Problem details:
Print the records below exactly, from the line containing "22 मई 2018 - साईस" down to the line containing "M祭! 2014 アートプログラムの様子", both lines included, and omit every picture.
=-=-=
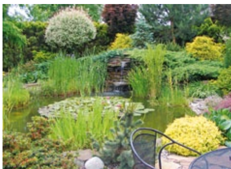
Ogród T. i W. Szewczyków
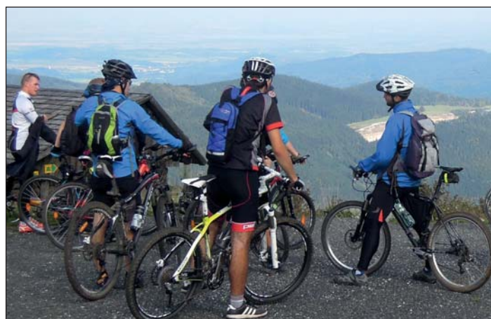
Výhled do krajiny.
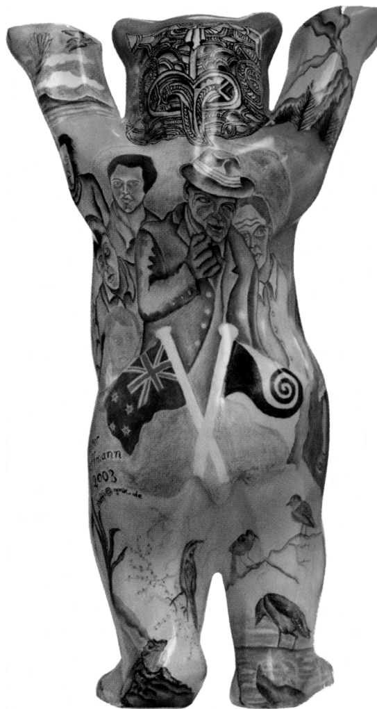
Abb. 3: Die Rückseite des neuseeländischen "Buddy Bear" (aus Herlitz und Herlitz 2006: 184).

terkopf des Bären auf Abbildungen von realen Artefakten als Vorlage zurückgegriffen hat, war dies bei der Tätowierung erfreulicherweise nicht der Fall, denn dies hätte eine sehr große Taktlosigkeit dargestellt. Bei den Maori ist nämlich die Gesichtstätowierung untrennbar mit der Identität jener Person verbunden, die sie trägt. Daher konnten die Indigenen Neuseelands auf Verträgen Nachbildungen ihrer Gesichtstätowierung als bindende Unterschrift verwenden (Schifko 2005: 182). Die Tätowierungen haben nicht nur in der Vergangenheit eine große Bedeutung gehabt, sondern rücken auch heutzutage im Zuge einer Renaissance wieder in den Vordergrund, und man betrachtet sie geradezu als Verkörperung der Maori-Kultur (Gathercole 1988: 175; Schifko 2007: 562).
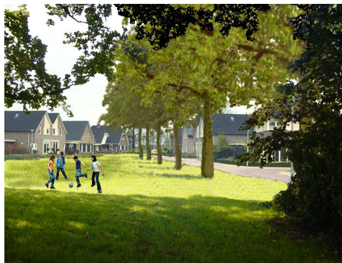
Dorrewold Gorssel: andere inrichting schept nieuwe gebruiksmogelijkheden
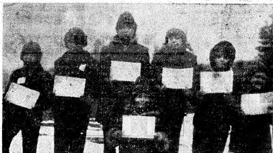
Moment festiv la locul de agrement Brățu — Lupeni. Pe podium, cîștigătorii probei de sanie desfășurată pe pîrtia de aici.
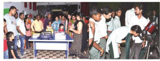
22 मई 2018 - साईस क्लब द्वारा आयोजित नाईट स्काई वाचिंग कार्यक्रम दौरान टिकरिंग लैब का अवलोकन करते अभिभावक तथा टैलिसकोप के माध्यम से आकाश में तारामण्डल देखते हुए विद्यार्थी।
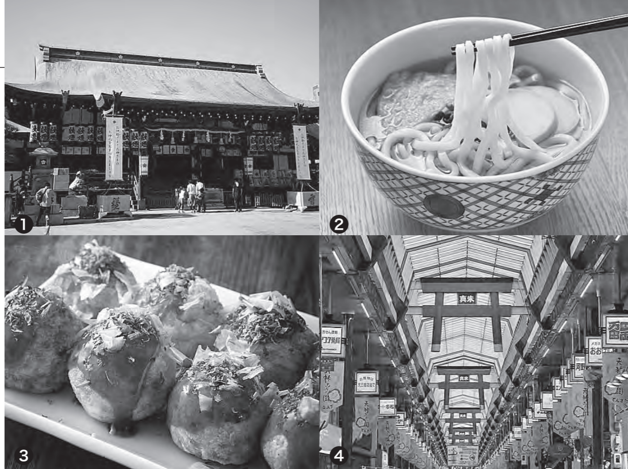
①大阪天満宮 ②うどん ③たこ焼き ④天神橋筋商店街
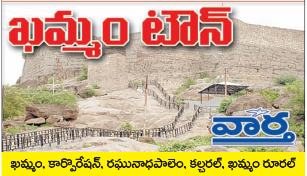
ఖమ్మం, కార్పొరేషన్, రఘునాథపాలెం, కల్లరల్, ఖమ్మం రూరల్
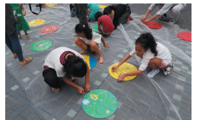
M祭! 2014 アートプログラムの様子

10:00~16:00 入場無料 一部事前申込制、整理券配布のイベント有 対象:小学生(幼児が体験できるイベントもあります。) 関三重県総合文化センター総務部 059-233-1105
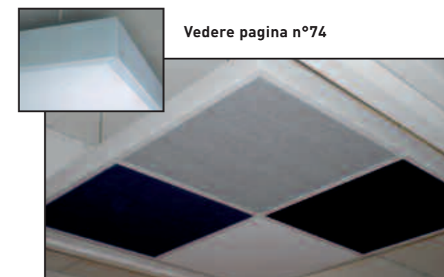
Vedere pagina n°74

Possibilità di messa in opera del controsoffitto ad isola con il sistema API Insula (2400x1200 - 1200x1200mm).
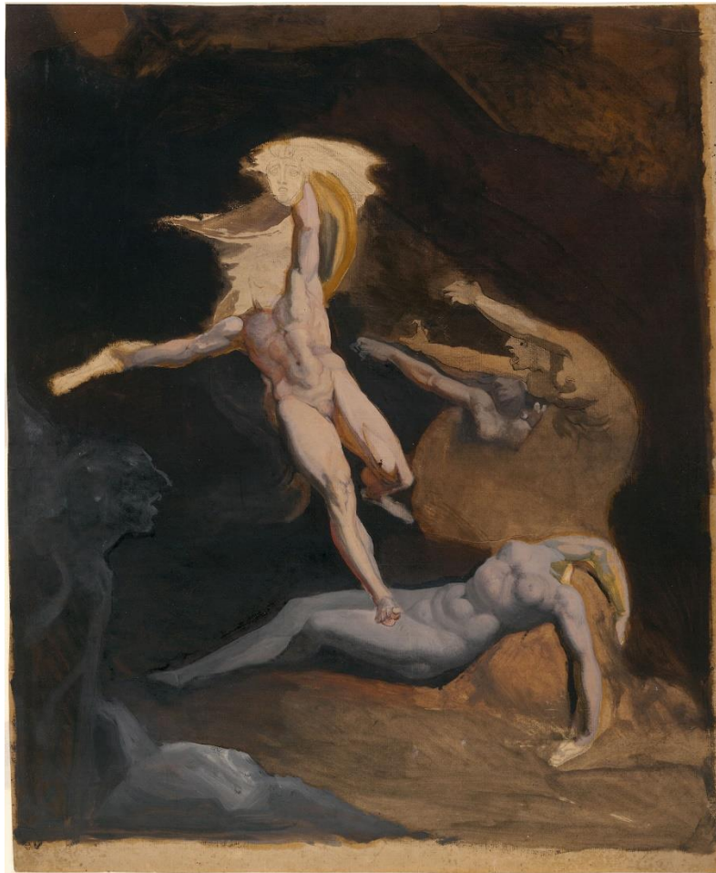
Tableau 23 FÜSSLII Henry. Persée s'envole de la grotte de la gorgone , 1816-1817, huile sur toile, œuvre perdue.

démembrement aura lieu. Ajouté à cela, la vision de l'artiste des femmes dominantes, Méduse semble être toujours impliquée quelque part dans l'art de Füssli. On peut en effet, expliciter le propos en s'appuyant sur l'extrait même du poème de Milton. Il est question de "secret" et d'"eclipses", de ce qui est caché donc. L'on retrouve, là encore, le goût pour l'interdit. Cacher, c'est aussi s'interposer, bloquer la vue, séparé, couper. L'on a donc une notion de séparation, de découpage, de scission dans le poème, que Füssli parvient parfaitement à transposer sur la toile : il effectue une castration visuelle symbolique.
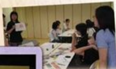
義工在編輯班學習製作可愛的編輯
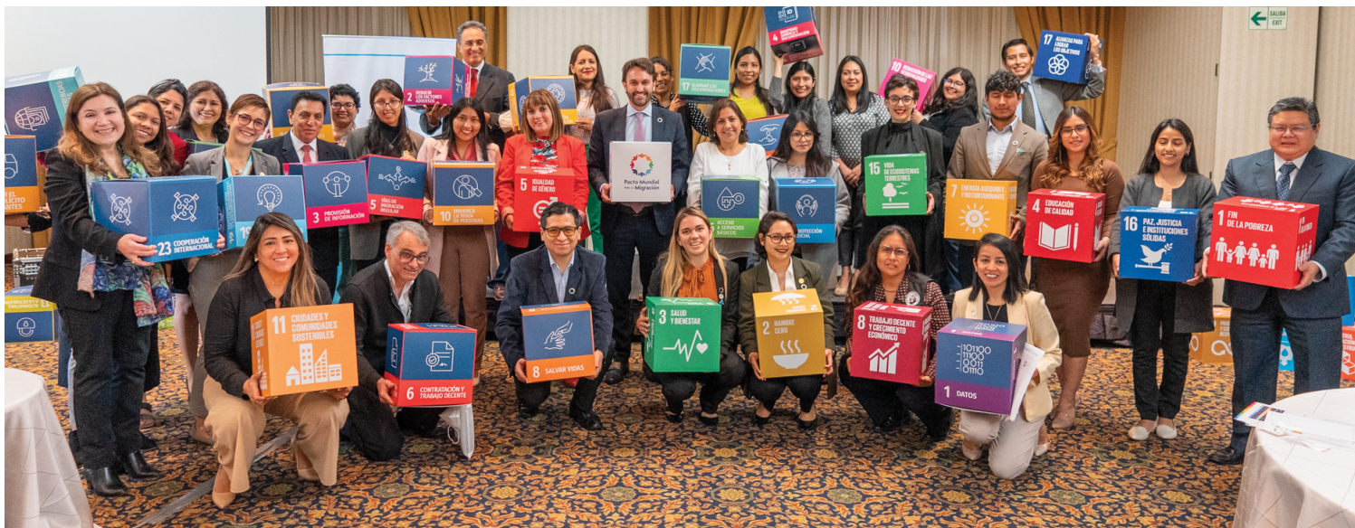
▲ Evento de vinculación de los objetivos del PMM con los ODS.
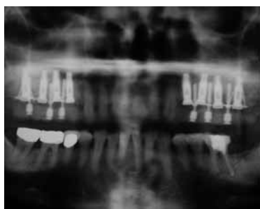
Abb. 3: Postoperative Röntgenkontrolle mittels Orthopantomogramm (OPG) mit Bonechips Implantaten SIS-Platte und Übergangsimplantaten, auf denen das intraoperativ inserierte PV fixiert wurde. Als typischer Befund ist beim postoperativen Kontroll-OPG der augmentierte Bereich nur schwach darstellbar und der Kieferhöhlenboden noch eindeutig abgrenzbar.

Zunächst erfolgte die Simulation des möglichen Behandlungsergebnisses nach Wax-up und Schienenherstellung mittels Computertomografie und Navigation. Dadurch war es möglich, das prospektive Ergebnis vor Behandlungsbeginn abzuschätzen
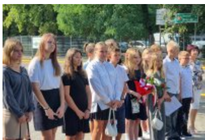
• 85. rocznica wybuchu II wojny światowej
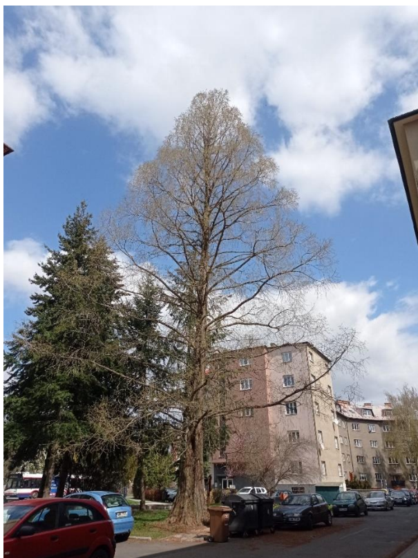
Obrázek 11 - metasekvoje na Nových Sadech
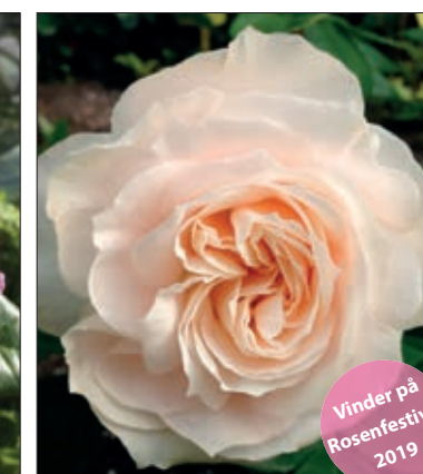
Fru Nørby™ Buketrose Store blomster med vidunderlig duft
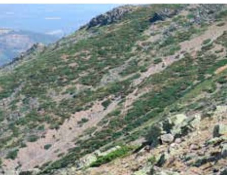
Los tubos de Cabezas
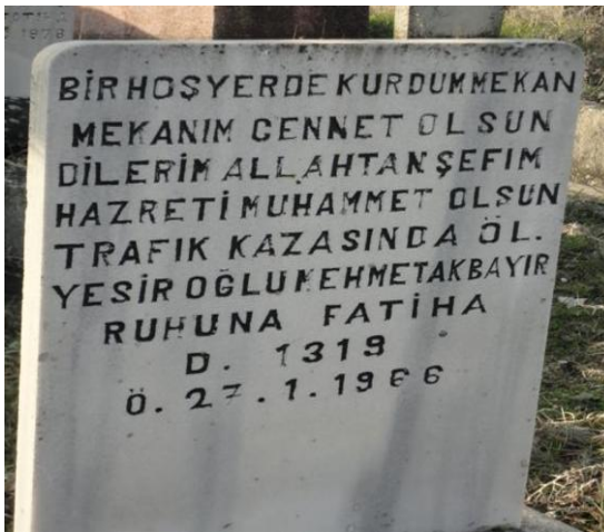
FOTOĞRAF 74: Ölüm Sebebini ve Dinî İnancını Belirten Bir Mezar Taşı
=-=-=
Result of this exercise:
22 मई 2018 - साईस क्लब द्वारा आयोजित नाईट स्काई वाचिंग कार्यक्रम दौरान टिकरिंग लैब का अवलोकन करते अभिभावक तथा टैलिसकोप के माध्यम से आकाश में तारामण्डल देखते हुए विद्यार्थी।
①大阪天満宮 ②うどん ③たこ焼き ④天神橋筋商店街
ఖమ్మం, కార్పొరేషన్, రఘునాథపాలెం, కల్లరల్, ఖమ్మం రూరల్
M祭! 2014 アートプログラムの様子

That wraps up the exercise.